On each machine set the OpenVPN Legacy Service to Automatic.

Reboot and ping each host to make sure everything is working. You are now setup to run the WHQL tests. Some of them need babysitting and are listed below:

In general the rest of the tests passed without a problem. However, it was more successful doing groups at a time and making sure they passed.

Some HLK Errata/Random? Notes:

  • The controller seems to arbitrarily pick which machine is Support and which one is under Test. If it has trouble picking name one of the TAP adapters SupportDevice0. Picking the options in the UI didn't change the behavior. So for the tests you are baby sitting pay attention to which the server and and which one the client is. The server will run a server.htm in NDIS test so it will be obvious.
  • Reboots seems to happen randomly during test setup. This can be a nuisance if you are monitoring the services window or the network connections window. Helpful to make shortcuts to these so they can easily be opened.
  • In the HLK Studio. You will see a category called Product Types. This may not have anything listed. If this is the case you will do all this work and only get certified as an "Other Driver". Make sure it says LAN. I had to go back to the Selection Tab, right click on the TAP adapter and add the feature for Device.Network.LAN.PM (power management). This will add a few tests but all should pass.
  • You will have to rename your Ethernet adapters to MessageDevice?. Right click on the interface and select Rename. If you attach the kernel debugger you will need to do this after attaching the debugger as it places a new interface on top of the Ethernet interface.
  • End to End testing can take about 5 hours because of baby sitting. Pick a good book to read or have some other work handy to keep you from losing your mind :).

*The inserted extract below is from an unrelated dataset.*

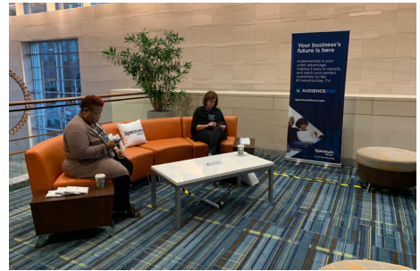
Exhibit Hall Refreshment Sponsor

Capture the eyes of all event attendees as our Exhibit Hall Refreshment Sponsor. Your company will receive signage at the refreshment station, a central location where attendees can treat themselves to water, coffee and light snacks throughout the event. This sponsorship includes 3 complimentary event registrations.

Not sure if the below had any effect but was changed when doing this test:

In OemVista?.inf.in: *PhysicalMediaType? = 0x0 ; NdisPhysicalMediumUnspecified?

This was done to be consistent with what was in constants.h, but it also seemed to get some tests passing.

Changing the TAP interface type to be a virtual adapter did not work in this test pass. It seemed to mess up the NDIS tests which looked for a device that advertised as physical to assign a SupportDevice?. Maybe this is something we can eventually work with Microsoft to fix.

Testing OpenVPN connectivity

Assuming the above OpenVPN config you can very correct OpenVPN / tap-windows6 operation easily:

  • Verify that the TAP adapter has an IPv6 address (e.g. using ipconfig)
  • Ensure that the HLK client can ping the following VPN server addresses:
    • 10.218.112.1
    • 2001:db8:6666::2

Configuring and running the mandatory HLK tests

Adding machines to pool

It seems required/useful to add HLK clients to the pool first, then the support machine. Otherwise when you select the driver in "Device manager" tab HLK will assume that the HLK support machine has the driver under test. This may create problems down the line.

Multi-machine tests

Setting up multi-machine tests is pretty straightforward to do. You just need to name some of the devices on the test client (that actually runs the tests) and support client (second machine that is connected “back to back” through the VPN). Details in LAN testing prerequisites.

Then when you go to schedule the multimachine test, you can change the “role” dropdown to the support machine, and select the support machine (should be there if you have two ready machines in the pool).

Some of the non-NDIS tests that require “a working network connection” can just be given a valid IPV6 address on the VPN network and they will be happy with that. Whenever you see the “WDTFREMOTESYSTEM” parameter when scheduling a test, set it to an IPv6 address the system can ping over the VPN link. This could be the ipv6 address of the “support” system, or it could be some other arbitrary system on the VPN. This might not be necessary if the device under test has a working IPv6 gateway address that points to, say, support machine's tap adapter interface. But wearing belt and suspenders is not a bad idea when running HLK tests.

NDISTest 6.5 - 2 machine - Linkcheck

This test tests plugging and unplugging the (virtual) ethernet cable.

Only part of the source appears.